ChangeSet@1.2490, 2007-05-16 23:42:10-07:00, igor@olga.mysql.com +3 -0
  Fixed bug #28337: wrong results for grouping queries with correlated
  subqueries in WHERE conditions.
  This bug was introduced by the patch for bug 27321.
[17 May 2007 8:23] Bugs System
A patch for this bug has been committed. After review, it may
be pushed to the relevant source trees for release in the next
version.
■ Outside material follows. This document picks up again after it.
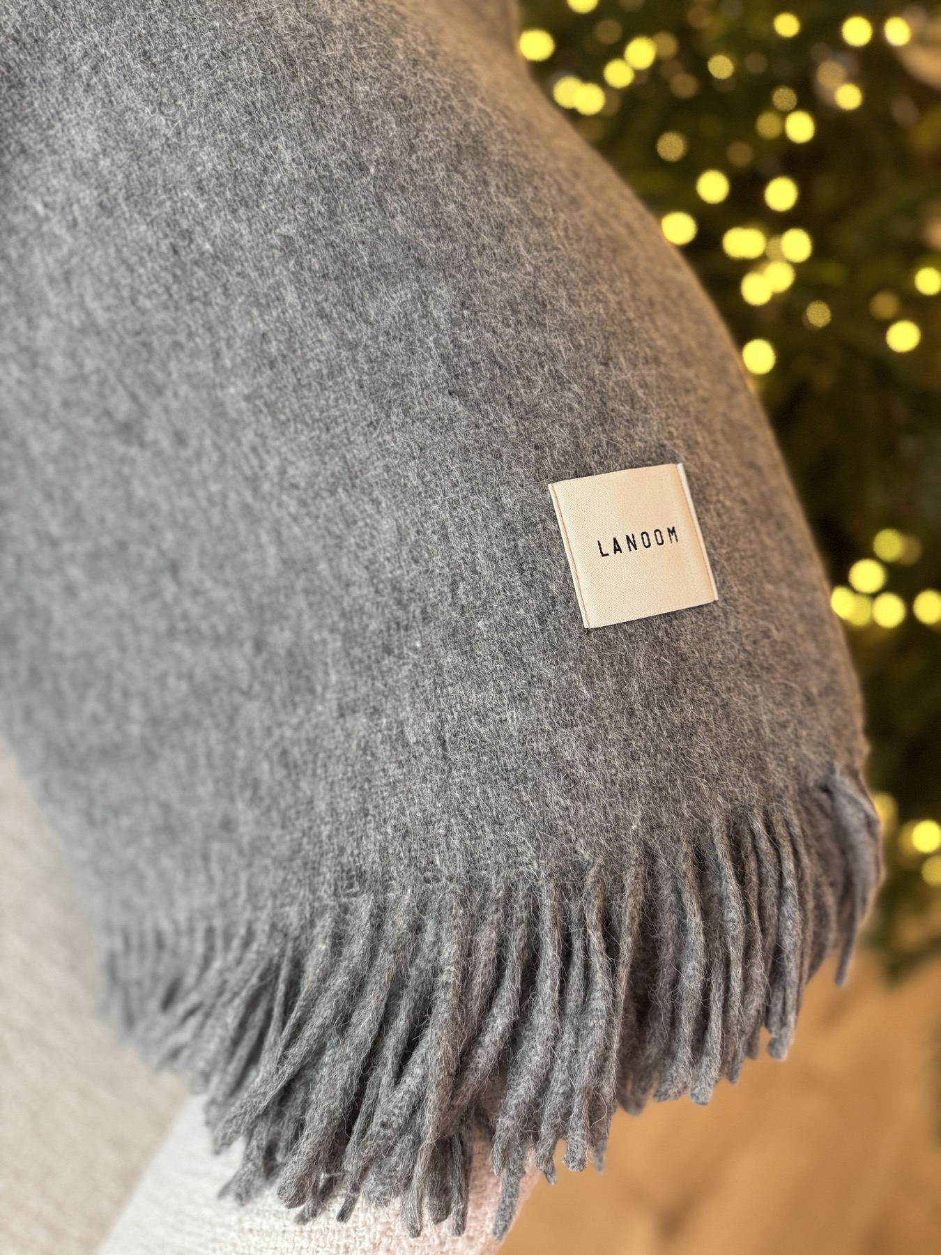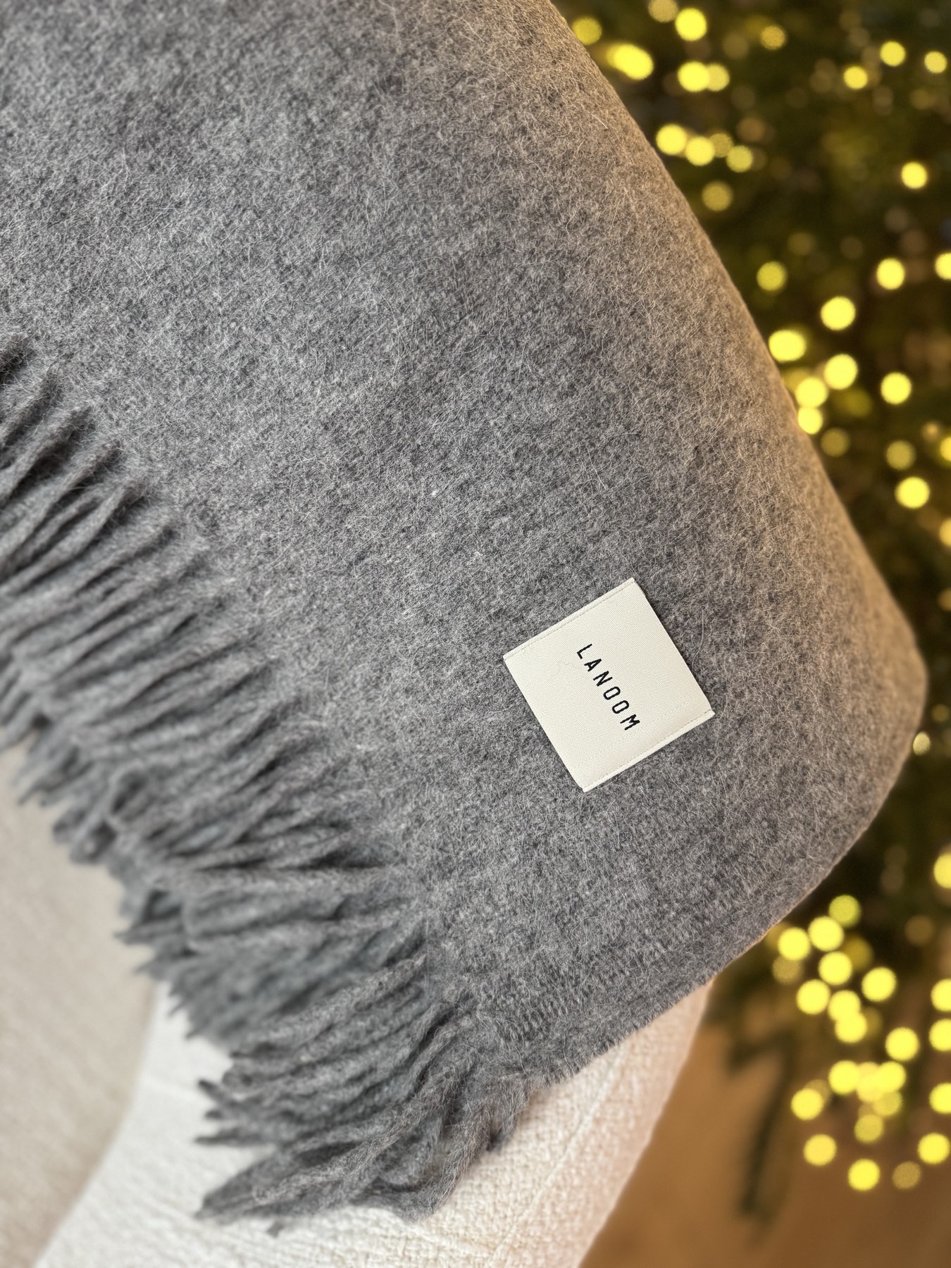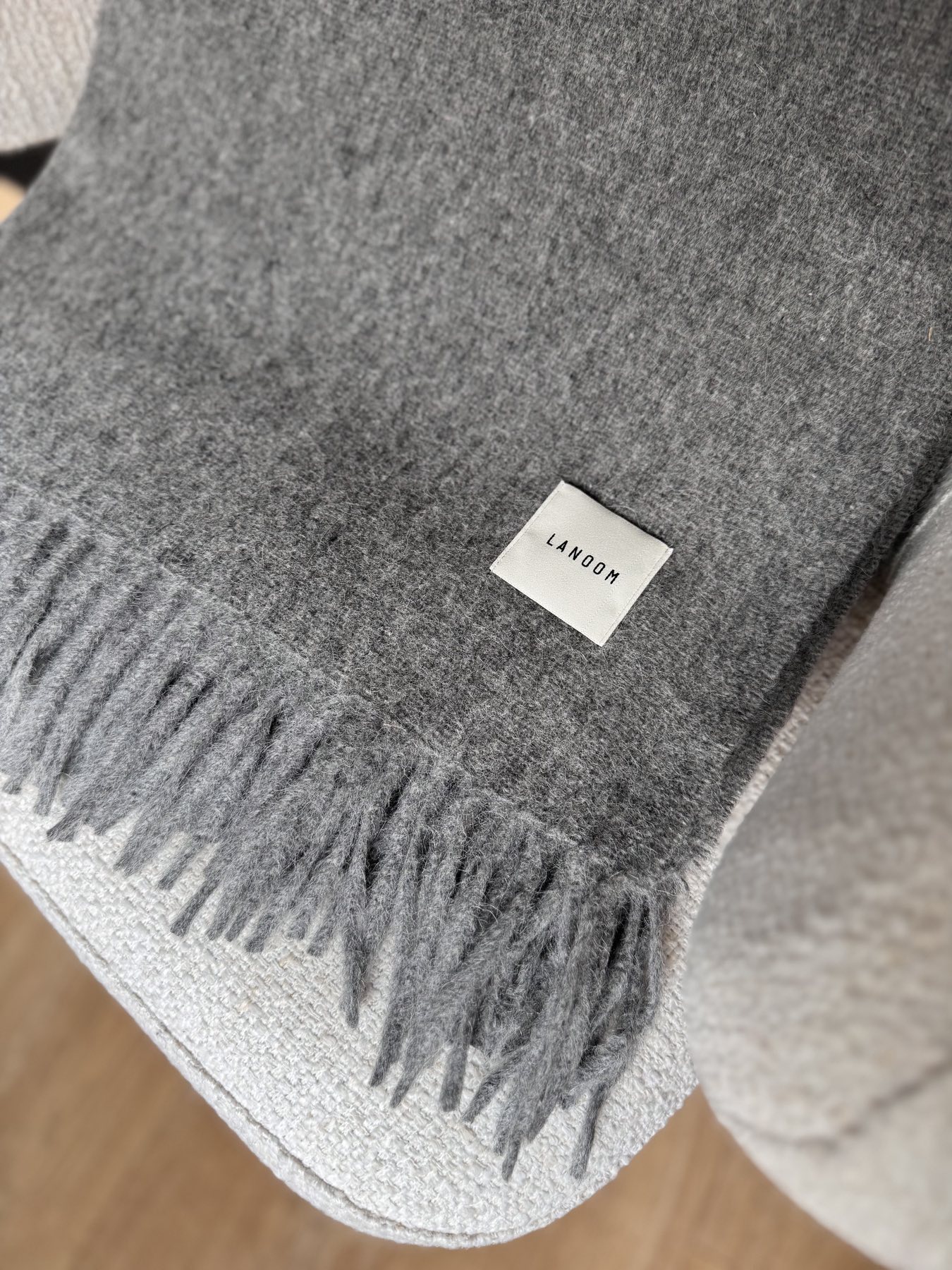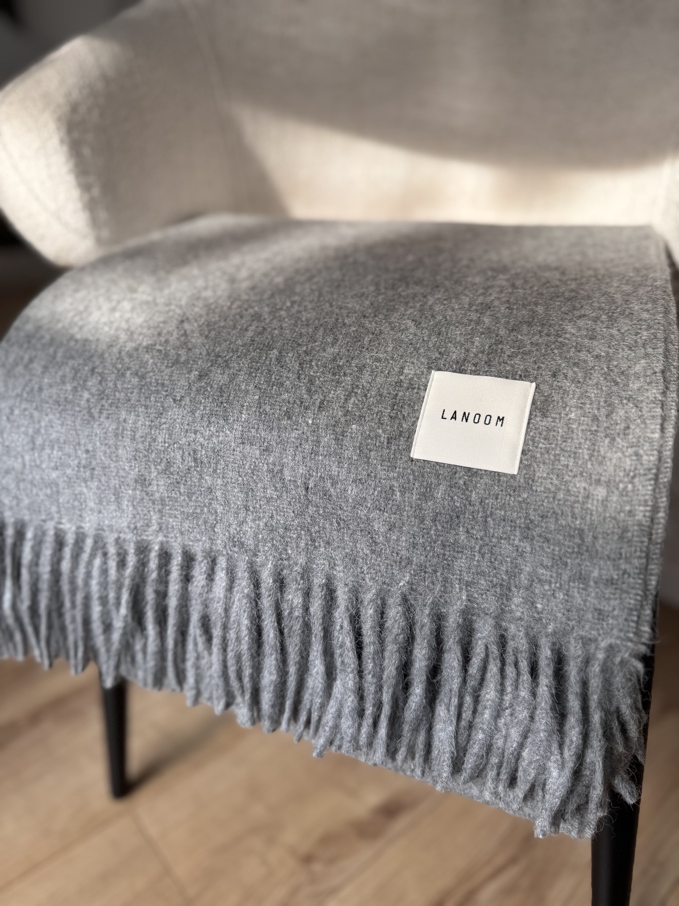 Całość dopełnia kwadratowa metka żakardowa z tkanym logo LANOOM — subtelny, designerski detal podkreślający luksusowy charakter koca.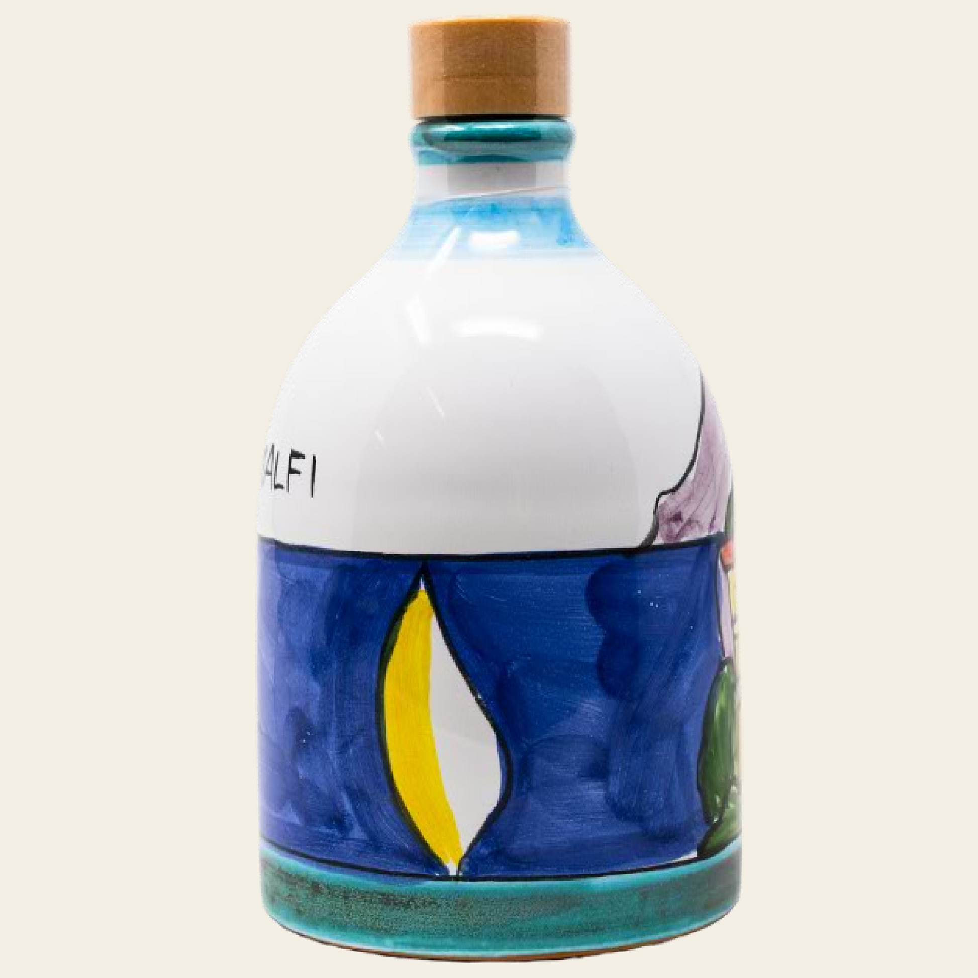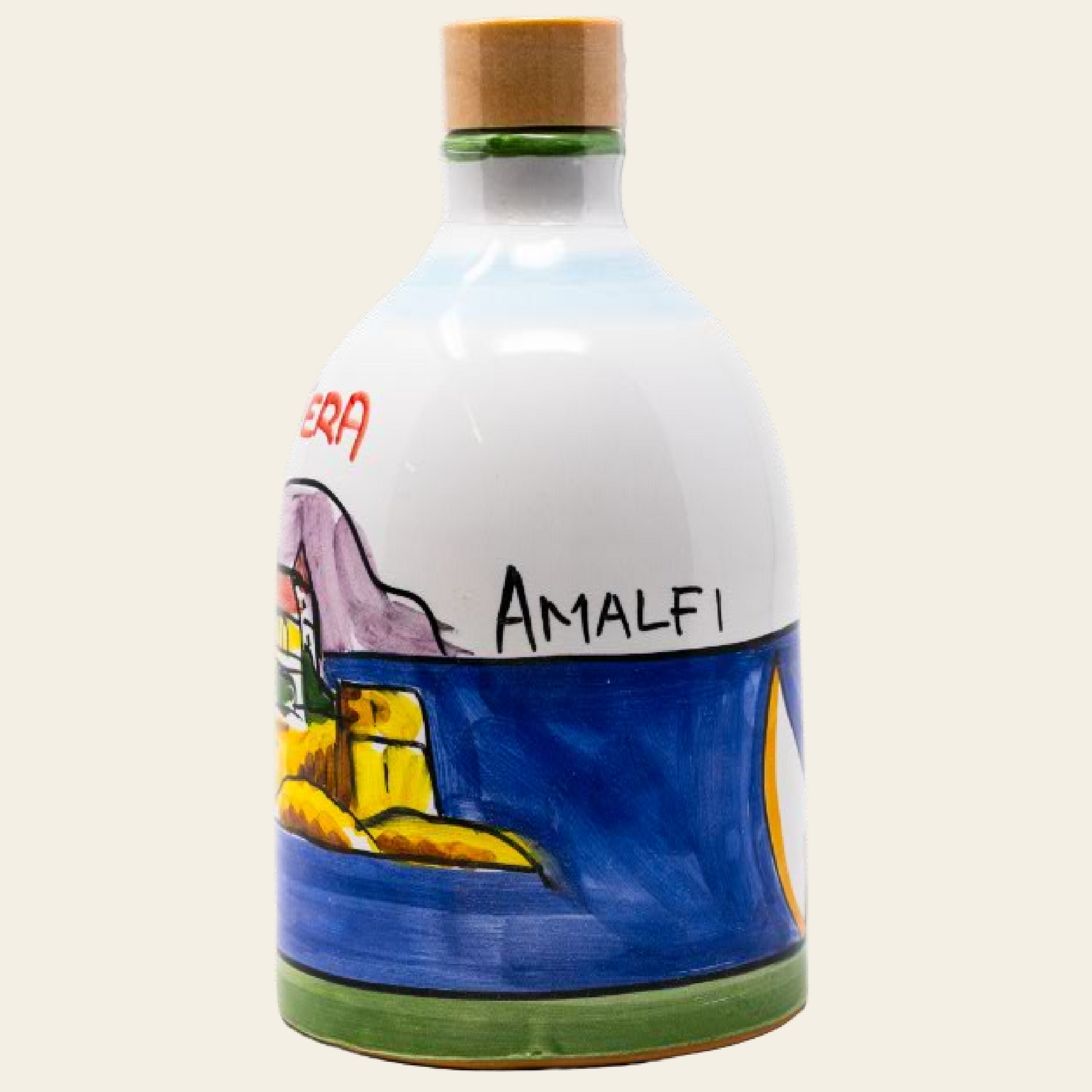 Premium Costiera Extra Virgin Olive Oil made purely from a single variety of olive called "Peranzana" (Monocultivar). These olives have been squeezed in our Oil Mill in Montesarchio (BN, Campania Region), Italy. 100% Product of Italy. First Cold Pressed. Gluten Free Food. This ceramic bottle has been hand made by our crafters on the Amalfi Coast of Italy. All of our EVOO is Gluten Free.

You can access the patch from:

  http://lists.mysql.com/commits/26888

ChangeSet@1.2490, 2007-05-16 23:00:28-07:00, igor@olga.mysql.com +3 -0
  Fixed bug #28337: wrong results for grouping queries with correlated
  subqueries in WHERE conditions.
  This bug was introduced by the patch for bug 27321.
[20 May 2007 17:11] Bugs System
Pushed into 5.0.44
[20 May 2007 17:13] Bugs System
Pushed into 5.1.19-beta
[27 May 2007 18:19] Paul DuBois
Noted in 5.0.40, 5.1.19 changelogs.

Grouping queries with correlated subqueries in WHERE conditions could
produce incorrect results.
[31 May 2007 6:04] Igor Babaev
Bug #28378 and bug #28526 are marked as duplicates of this bug.
[15 Dec 2007 7:30] Igor Babaev
Bug #30928 is marked as a duplicate of this bug.